Prompt Scaffold
code
[ROLE] Who the model is / expertise [CONTEXT] Background, domain constraints [TASK] One clear instruction [FORMAT] Output structure with example [CONSTRAINTS] Boundaries, edge cases, what to avoid [EXAMPLES] Few-shot demonstrations (if needed)
Claude: use XML tags. GPT: markdown headers. Small models: minimal structure, maximum explicitness.
Dual-Model Adaptation
For Small Models (4B-8B Ollama)
- •Max 1000 tokens prompt length. Cut ruthlessly.
- •One task per prompt. No compound instructions.
- •Complete worked example is mandatory — the model mimics format.
- •Every enum value listed explicitly:
quality: one of "excellent", "good", "fair", "poor" - •No chain-of-thought unless tested (often hurts structured output).
- •Positive instructions: "Write X" not "Don't do Y."
- •Sandwich: format spec at start AND end.
For Large Models (GPT-5, Claude)
- •Multi-section prompts with nuanced instructions.
- •
<thinking>tags for chain-of-thought (Claude). - •Few-shot optional — large models generalize from descriptions.
- •Can handle "Don't X unless Y" conditional constraints.
- •System prompt for persona, user prompt for task.
Few-Shot Design
- •3-5 examples. More than 7 has diminishing returns.
- •Include at least one edge case example.
- •Show reasoning, not just input→output.
- •Order: easy → medium → edge case.
- •For small models: examples are the prompt. They define the contract.
Structured Output
- •Provide the exact schema with field descriptions.
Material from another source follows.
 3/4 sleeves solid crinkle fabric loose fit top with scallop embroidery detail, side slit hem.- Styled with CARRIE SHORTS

- •Include a complete worked example (JSON, ready to copy).
- •Specify handling for missing/ambiguous fields.
- •For enums, list ALL valid values in the prompt.
- •Show good AND bad examples for critical fields:
code
## Dilemma ID Naming (CRITICAL) GOOD: `host_benevolent_or_self_serving` BAD: `host_motivation`
Defensive Patterns
- •Sandwich: Repeat critical instructions at start and end.
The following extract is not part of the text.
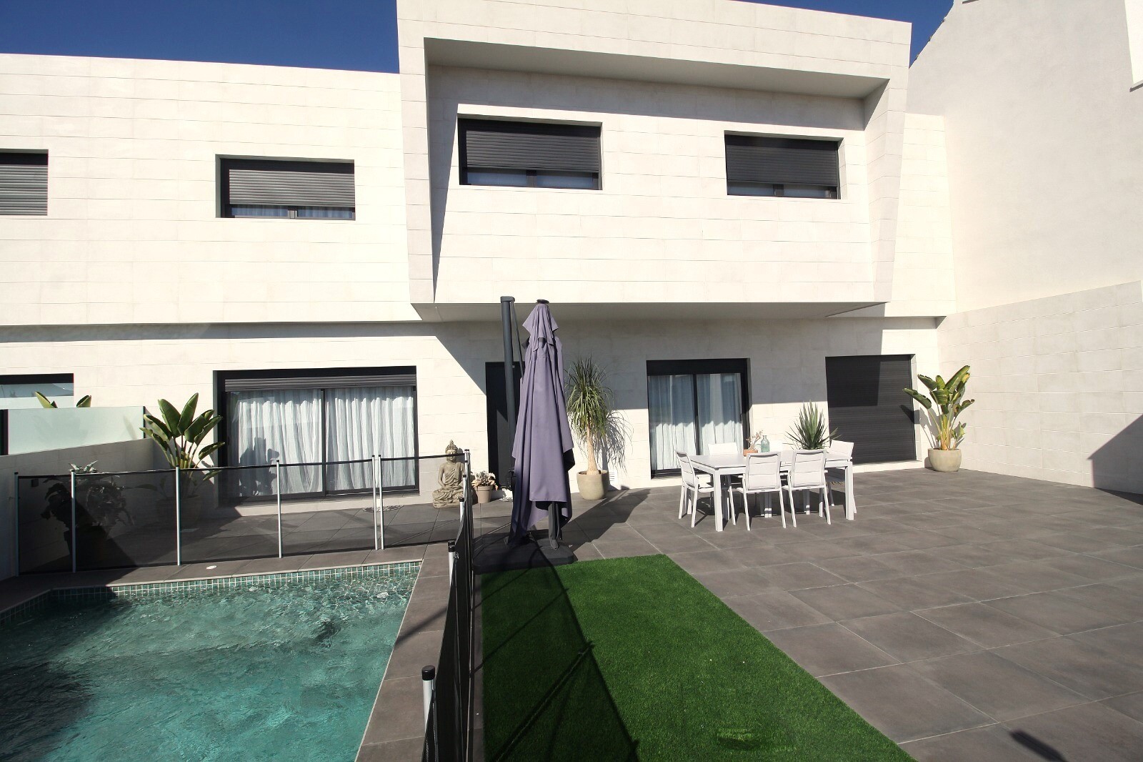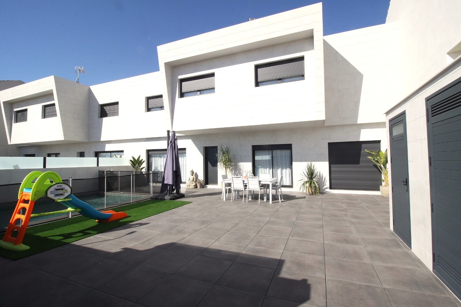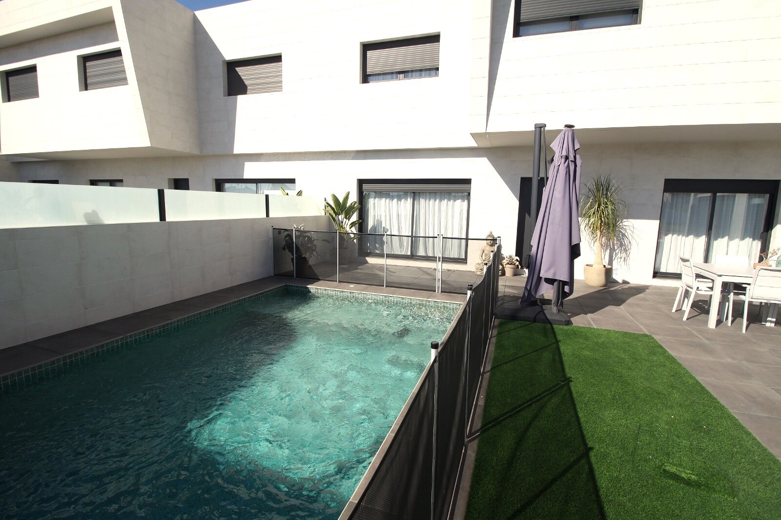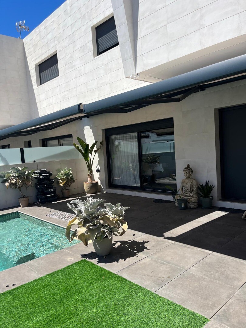 Недавно перепроданный двухквартирный таунхаус в Сан-Педро-дель-Пинатар с 4 спальнями, 2 ванными комнатами и туалетом на открытом воздухе у бассейна 6х4 м со встроенным джакузи. Дом расположен в 3 км от Средиземного моря и в 500 м от центра. Дом полностью меблирован, есть полы с подогревом, кондиционер и кухонная техника. До аэропортов Корвера и Али...канте можно добраться за 30 и 50 минут соответственно.

- •Validate → Feedback → Repair: Validate output, format structured errors, ask model to fix.
- •Discuss → Freeze → Serialize: Separate exploration from structured output generation.
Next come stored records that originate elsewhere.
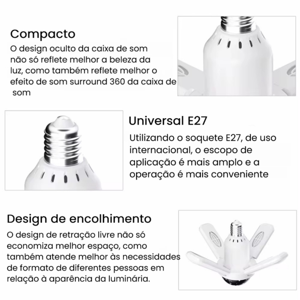 Luminária de Teto LED RGB Bluetooth e Controle Remoto 24W 50W Alto-Falante Dobrável E27
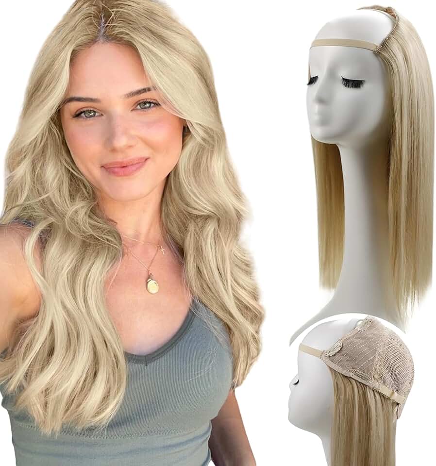 RUNATURE Blonde U Part Wig Human Hair 18 Inch 150% Density Full Head Glueless U Part Human Hair Wig One Piece Clip in Hair Extensions U Wigs Silky Straight Remy Natural Remy Hair
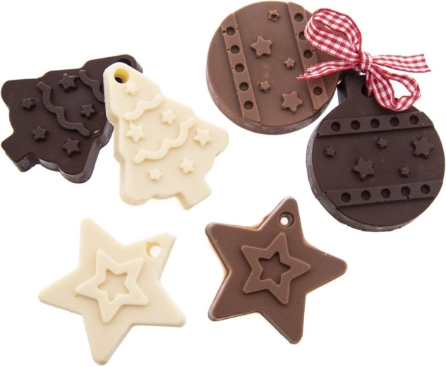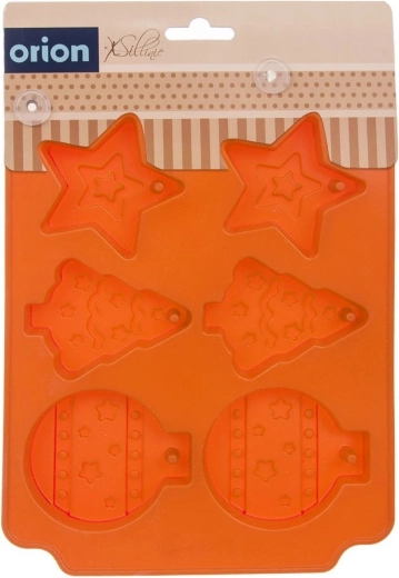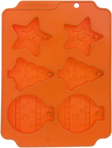 Zes vormpjes in de vormen van een sterretje, boompje en kerstbal met decoratief reliëf voor een perfect feestelijke uitstraling.
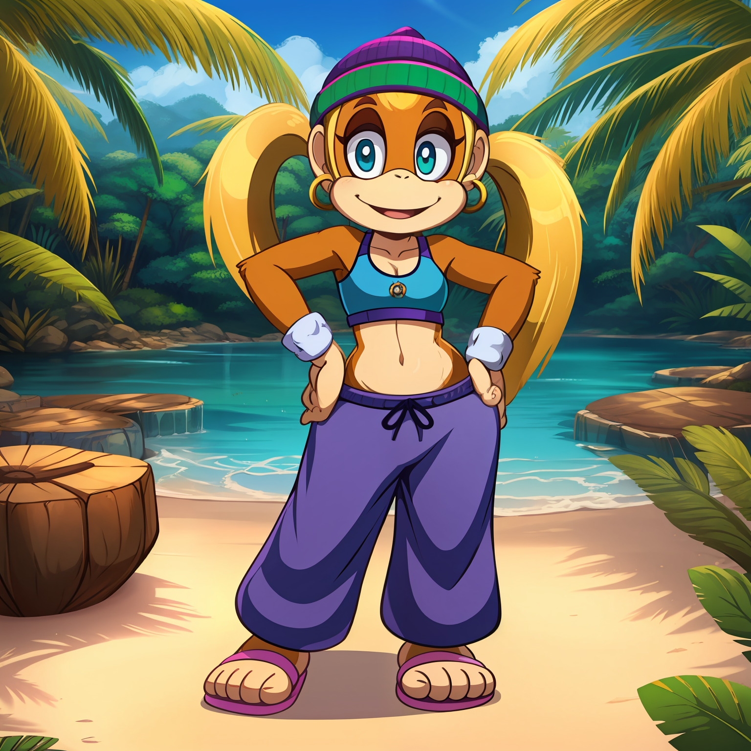 [Tiny Kong], [Uploaded to e621.net; (Pixelsketcher), (wamudraws)}, ((masterpiece)), ((HD)), ((high res)), ((solo portrait)), ((full body)), ((back view)), ((lower-angle view)), ((ground-up POV)), ((feet visible)), ((furry; anthro)), ((detailed fur)), ((detailed shading)), ((beautiful render art)), ((intricate details)), {anthro monkey; brown fur, (two nostrils), (cute blue eyes), (short eyelashes), blonde hair, twintails, (pink nails),(perfect hands, perfect ), chubby, chubby girl, curvy, , lips, plump, thick thighs, thighs, (((oversized gigantic stomach)), curvy, , lips, plump, thick thighs, thighs, (((oversized gigantic stomach)), curvy, , lips, plump, thick thighs, thighs, (((oversized gigantic stomach)) (surprised expression)}, {(blue sports bra), (white flower print on sports bra), (blue sweatpants), (purple beanie), (green stripes on beanie), (hoop earrings)}, {(on picnic blanket), (), (looking back), (looking at viewer)}, [background; (tropical forest), (grass plains), (blue sky), (sun rays), (ambient lighting)]

- •Anti-pleasantry: "Do NOT end with 'Good luck!' or similar."
Systematic Testing
- •Define success criteria before iterating.
- •Test set of 10-20 diverse inputs including edge cases.
- •Change one thing at a time.
- •Track: prompt version, model, temperature, pass rate, failure modes.
- •Failure taxonomy: wrong format, hallucination, refusal, partial output, off-topic.